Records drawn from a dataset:
=== Section Start ===
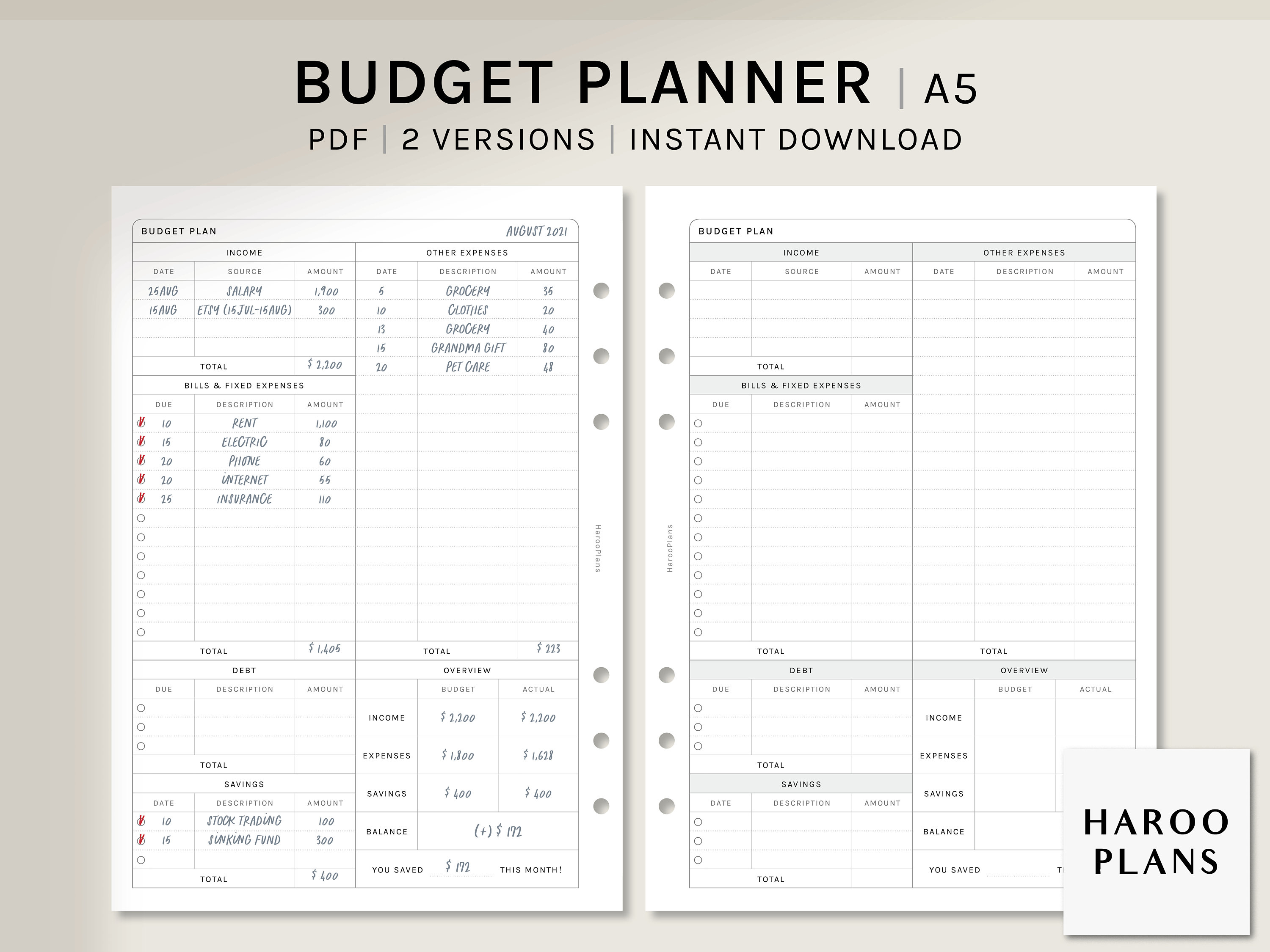 Budget Planner A5 Printable Planner Inserts Finance Etsy Australia
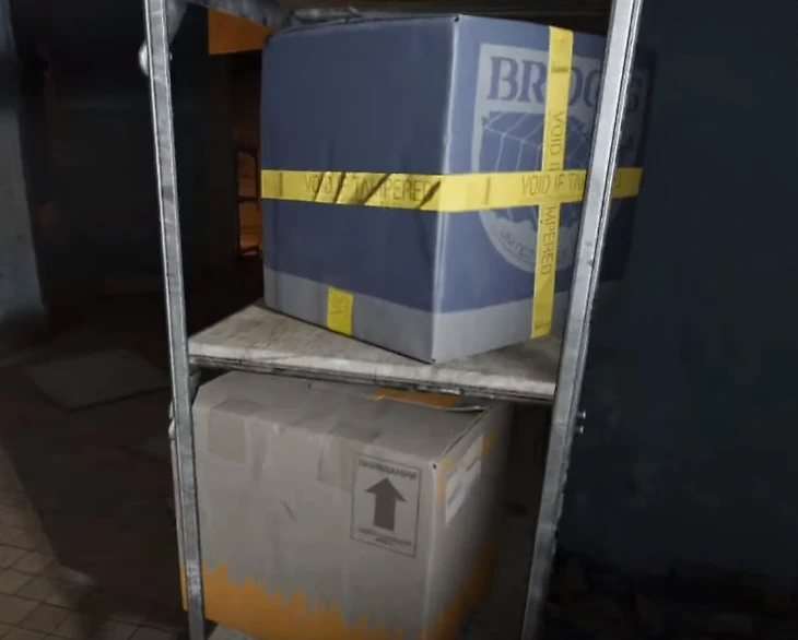 Среди вполне обычных коробок на локациях можно заметить темно-синий ящик, обмотанный желтой лентой. На одной из граней виден логотип Bridges – организации, на которую работает главный герой Death Stranding.
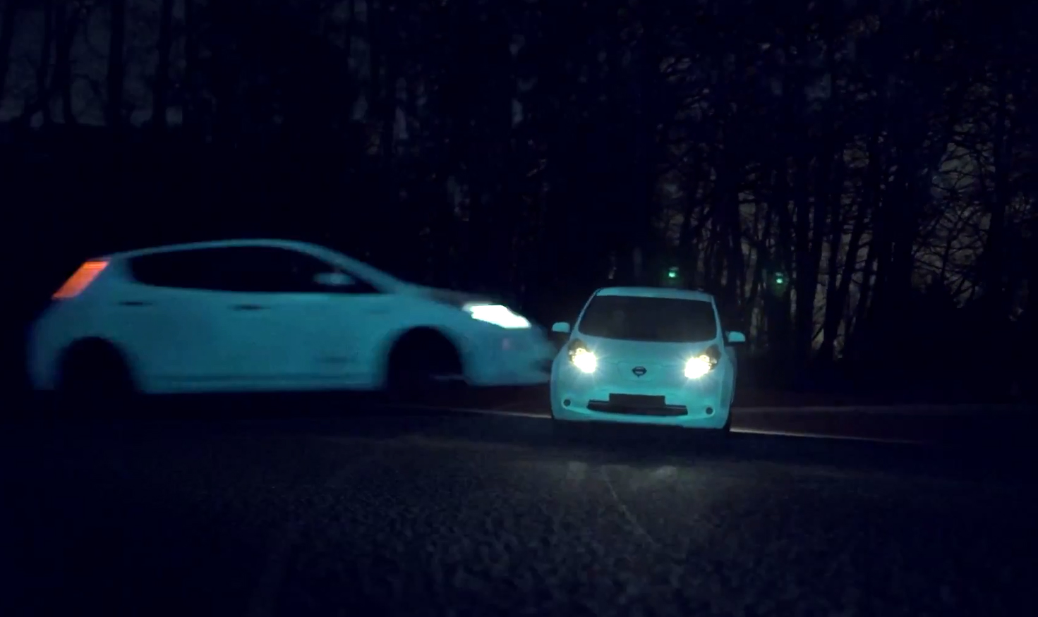 Nissan Leaf засветился в темноте (ВИДЕО)
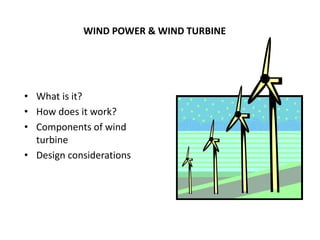 Wind power works by using wind turbines to harness the kinetic energy of the wind. Wind turbines capture wind energy through their rotor blades and convert it into mechanical rotation to spin a generator that produces electricity. Key components of a wind turbine include the blades, shaft, gearbox, generator, and tower. As wind speed increases, power output also increases up to the turbine's rated capacity, after which the turbine's design limits further power production. Larger turbines with taller towers and wider rotors can generate more electricity. Advantages of wind power are that it is a renewable domestic source of energy generation with no pollution.
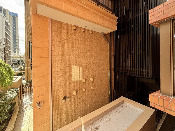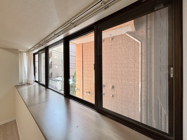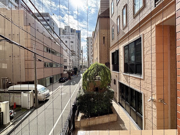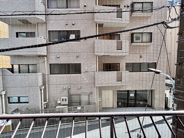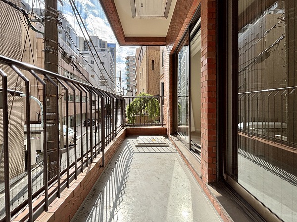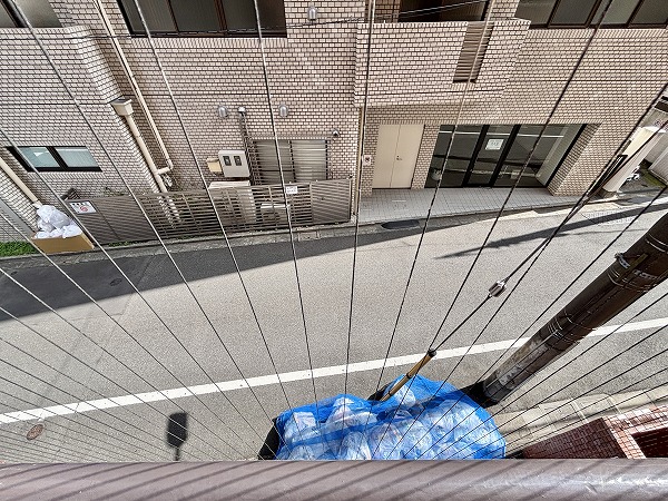 メインルームと、およそ5.8帖の洋室から出入り可能なバルコニーはおよそ5.72㎡。目の前には建物があるものの、横から光が射し込むのでお洗濯物は良く乾きそう。通行人の視線が気になる方は、レースカーテンなどをご利用ください。
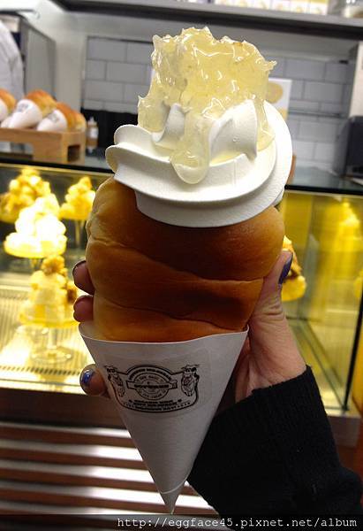 。第二層:香濃牛奶冰淇淋。看!!這名字是不是很威?!這裡的冰淇淋只有這個牛奶口味可以選,微甜。一口蜂蜜一口冰剛剛好!!
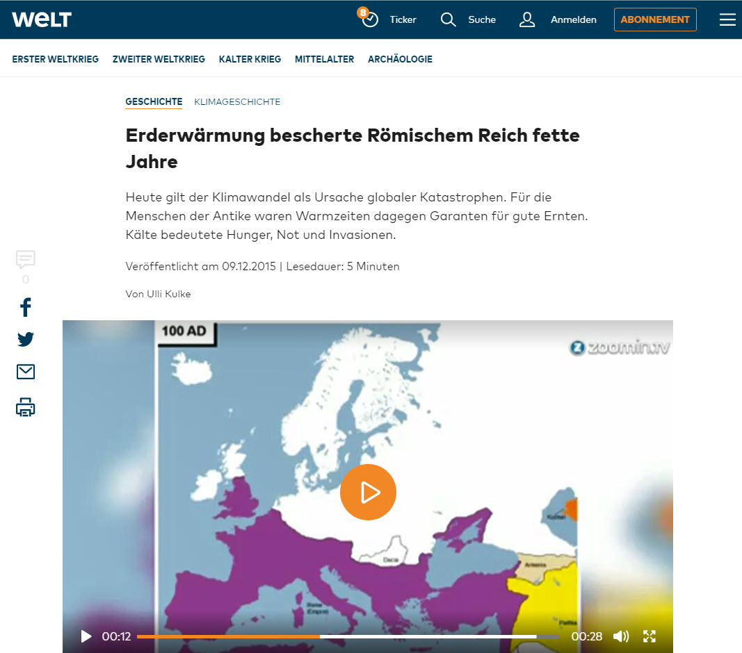Die Wahrheit ist, dass das Klima ständig im Wandel ist, das belegen auch Klimadaten des "Center for the Study of Carbon Dioxide and Global Change", welches in Grönland hierzu forschte und Eisproben analysierte. Innerhalb der letzten 4000 Jahre alleine gab es 2 Klima-Optima, in welchen es weit wärmer war als heutzutage (Quelle, CO2Science). Das letzte Klima-Optimum war das der Eisen-/Römerzeit, das im 5. Jahrhundert endete. Die klimatischen Verhältnisse waren "Voraussetzung für die Blüte des römischen Imperiums" (Quelle, die Welt)! Übrigens gibt es 800 wissenschaftliche Veröffentlichungen gegen die Co2-These (Quelle, die Welt)!
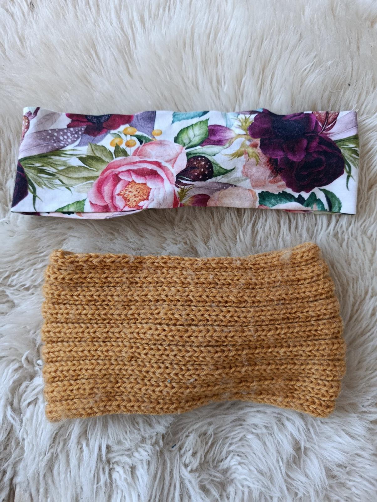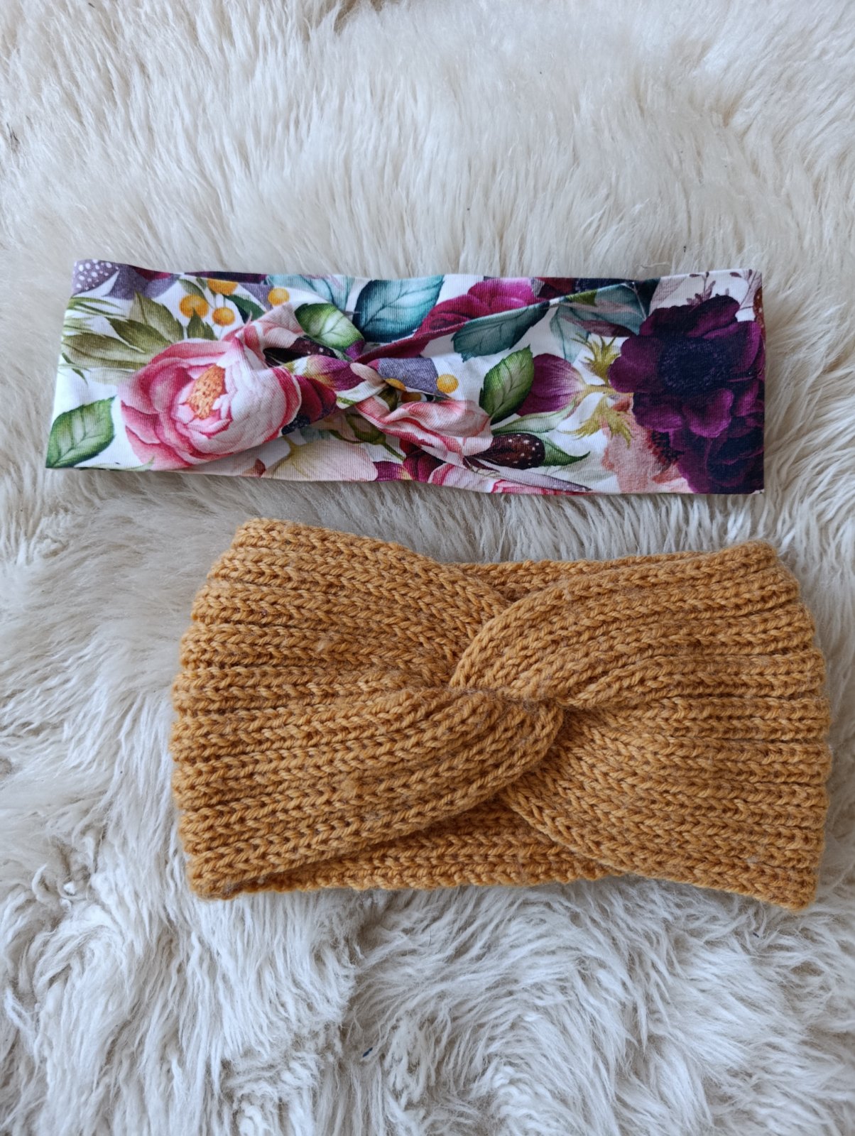 Čelenky v super stave, kvetinová bavlnená, horčicová pletená, cena a predaj spolu!
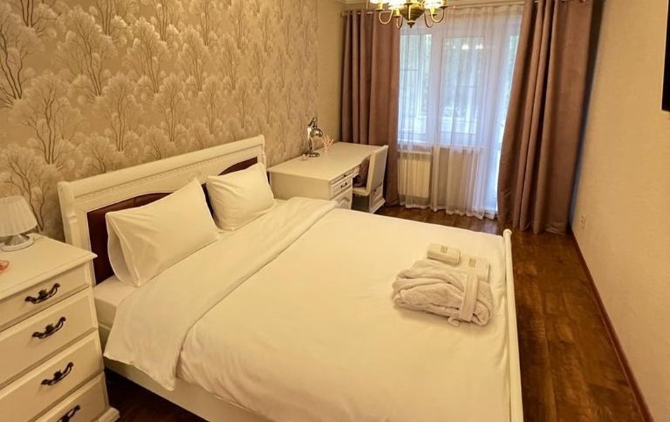 Трехкомнатные апартаменты с балконом в пятиэтажном доме, стоящем на улице Мухачева, предлагают все необходимое для комфортного проживания. Гостей ждут две двуспальные кровати с ортопедическими матрасами и раскладной диван. Кухня оснащена всей необходимой техникой и посудой, есть обеденная зона. В совмещенном санузле с ванной гости найдут гигиенические принадлежности и фен. Также доступны стиральная машина, гладильные принадлежности, предоставляются полотенца и постельное белье. Работает высокоскоростной интернет Wi-Fi, чтобы гости могли всегда оставаться на связи.
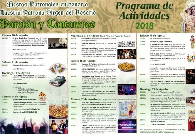 Más de una treintena actividades conforman el programa de fiestas patronales de El Paretón-Cantareros, en honor a la Virgen del Rosario, que se celebran desde hoy y hasta el 19 de agosto con un ambicioso y numeroso elenco de actos, organizadas por la Comisión de Fiestas de esta pedanía.
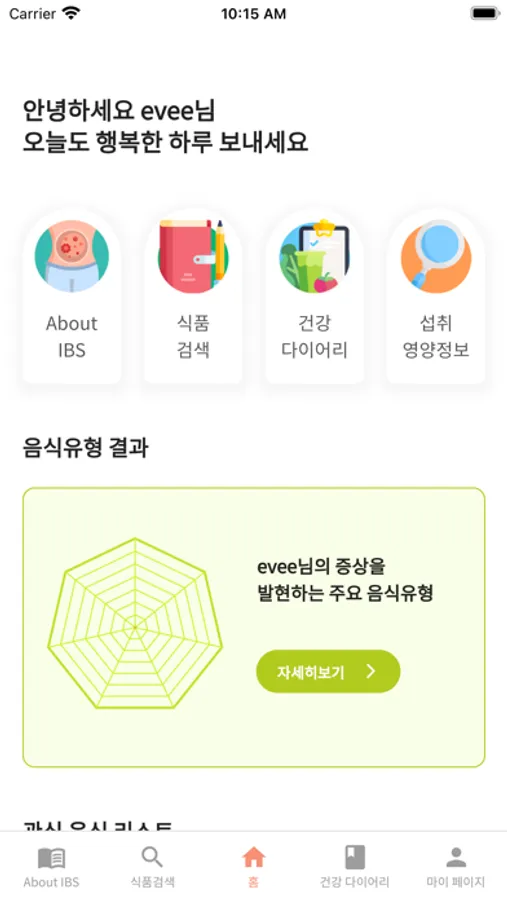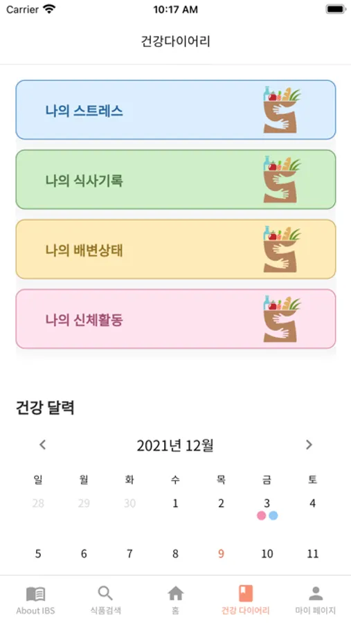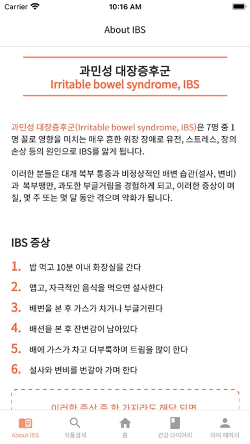 과민성 장증후군 환자를 위한 음식, 식품정보를 제공하며, 자신이 섭취한 음식, 증상, 스트레스, 활동 정도를 다이어리에 기록할 수 있습니다. 이 기록 정보를 토대로 어떤 음식을 먹었을 때 증상이 나타날 수 있을 지 예측하는 데 도움을 주고, 영양전문가와 직접 연결도 가능합니다.
=== Section End ===
→ **Exercise brief**
Give back only the lines from the one that carries "Čelenky v super" through the final line above, both included. Drop all pictures.

→ **Answer to this exercise**
 Čelenky v super stave, kvetinová bavlnená, horčicová pletená, cena a predaj spolu!
 Трехкомнатные апартаменты с балконом в пятиэтажном доме, стоящем на улице Мухачева, предлагают все необходимое для комфортного проживания. Гостей ждут две двуспальные кровати с ортопедическими матрасами и раскладной диван. Кухня оснащена всей необходимой техникой и посудой, есть обеденная зона. В совмещенном санузле с ванной гости найдут гигиенические принадлежности и фен. Также доступны стиральная машина, гладильные принадлежности, предоставляются полотенца и постельное белье. Работает высокоскоростной интернет Wi-Fi, чтобы гости могли всегда оставаться на связи.
 Más de una treintena actividades conforman el programa de fiestas patronales de El Paretón-Cantareros, en honor a la Virgen del Rosario, que se celebran desde hoy y hasta el 19 de agosto con un ambicioso y numeroso elenco de actos, organizadas por la Comisión de Fiestas de esta pedanía.
 과민성 장증후군 환자를 위한 음식, 식품정보를 제공하며, 자신이 섭취한 음식, 증상, 스트레스, 활동 정도를 다이어리에 기록할 수 있습니다. 이 기록 정보를 토대로 어떤 음식을 먹었을 때 증상이 나타날 수 있을 지 예측하는 데 도움을 주고, 영양전문가와 직접 연결도 가능합니다.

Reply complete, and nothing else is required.